Eisenhower statue begins trek

Sculpted in Lawrence, piece will represent Kansas in Washington

With Americans nearing week three of war with Iraq, the likeness of a leader who helped end a war nearly 60 years ago is about to be unveiled.

On Saturday Lawrence artist Jim Brothers helped prepare his 10-foot tall sculpture of Dwight D. Eisenhower for a trek to Abilene, where it is scheduled to go on display April 28 at the former president’s library and museum.

After a couple of weeks in Abilene, the sculpture, which weighs more than 580 pounds and depicts Ike at more than 7 feet tall, will be transported to the U.S. Capitol where it will become part of the National Statuary Hall Collection.

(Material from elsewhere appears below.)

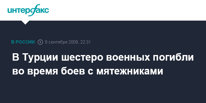 Стамбул. 8 сентября. ИНТЕРФАКС - Минимум шестеро турецких военнослужащих погибли во время боев с мятежниками-курдами, объявило во вторник военное командование. Еще трое получили ранения.

A public unveiling in the Capitol rotunda is tentatively slated for June 4, and after six months it will be moved to a new location in the building.

The pose Brothers chose for the piece was taken from a famous picture of Eisenhower talking to troops on the eve of D-Day — an image that might hit home for many Americans watching nightly newscasts of fighting in the Persian Gulf.

“I would hate to speak for him,” Brothers said of Eisenhower, but “I often wonder what he would have thought about what’s going on now.”

The sculpture showed Eisenhower making a powerful gesture, but Brothers said the general actually was talking to a recruit about fishing.

“He was the most powerful man in the world,” Brothers said, and yet the image suggests he was also human.

Eisenhower said later that talking to the troops the day before he sent them to Normandy Beach in World War II was one of the hardest things he had ever done.

Brothers said he felt honored and lucky for having been chosen to sculpt the piece, which will replace a marble statue of George Washington Glick, Kansas’ governor from 1883 to 1885.

“I feel that I’ve been very, very blessed as an artist,” he said. “If I died tomorrow, I’d be a success.”

The decision to replace the relatively obscure Glick with Eisenhower in the Capitol’s 139-year-old, 97-statue collection was made by state and U.S. legislatures after a campaign led by U.S. Rep. Todd Tiahrt, R-Kan.

The House of Representatives approved the unprecedented swap Tuesday, and the effort is pending in the Senate.

“Dwight D. Eisenhower embodied all that was and is great about Kansas, and has long been considered Kansas’ most revered son,” Tiahrt said. “I find it regrettable that we have neglected to honor Dwight D. Eisenhower with a memorial in our nation’s capital.”

Congress in 1864 allowed each state to send statues of two people notable to its history to the Old Hall of the House of Representatives after lawmakers moved into a new, larger chamber. In addition to Glick, Kansas sent U.S. Sen. John James Ingalls, who also may soon be replaced — with aviator Amelia Earhart.

Brothers said he would be at the dedication ceremony this summer, although he would rather just stay home and “play with the clay.”

And although proud of the statue, he said he was not sorry to see it leave his care.

“People always ask, ‘Don’t you hate to see your work go,'” he said. “Absolutely not. Sculpture takes so long, you’ve really about had it.”